To begin with, let’s determine the highest common factor (HCF) of the numbers 65 and 117.
First, we’ll find the prime factorization of both numbers:
- 65 can be factored into: 5 × 13.
- 117 can be factored into: 3 × 39 or equivalently 3 × 3 × 13.
From the factorizations above, we see that both 65 and 117 share the prime factor 13.
Thus, the HCF of 65 and 117 is 13.
Next, we are tasked with finding integral values of m and n such that HCF(65m, 117n) equals 13.
To achieve this, we can express both 65m and 117n in terms of their prime factors:
- Since 65 = 5 × 13, we can write: 65m = 5m × 13.
- And for 117 = 3 × 39, we can assert: 117n = 3n × 39.

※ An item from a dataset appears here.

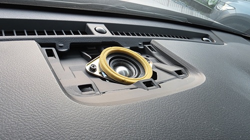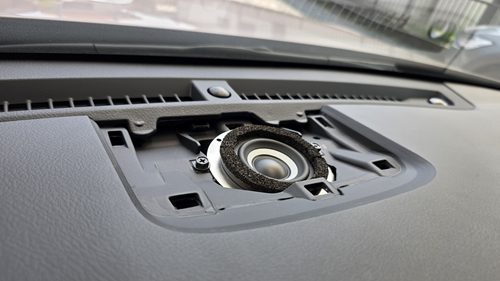 Aピラー内装とダッシュボード上グリルを取り外すと、ダッシュボード上スピーカーの姿が見えます。

For the HCF of 65m and 117n to equal 13, both m and n should be chosen such that the common factor remains only 13.
A straightforward choice is to set m = 1 and n = 1. In this case:
- HCF(65 × 1, 117 × 1) = HCF(65, 117) = 13.
Therefore, one pair of integral values for m and n that achieves our requirement is (m, n) = (1, 1).
However, there are other possible pairs as well, such as:
- m = 2 and n = 1
- m = 1 and n = 2
In each case, if one of the values is a multiple of the respective number that does not introduce additional factors of 13 or any other common prime factors, we ensure that the HCF remains 13. This shows that the selections for m and n can be somewhat flexible, as long as they are appropriately chosen.
In summary, the HCF of 65 and 117 is 13, and one pair of integral values for m and n satisfying HCF(65m, 117n) = HCF(65, 117) is (m, n) = (1, 1).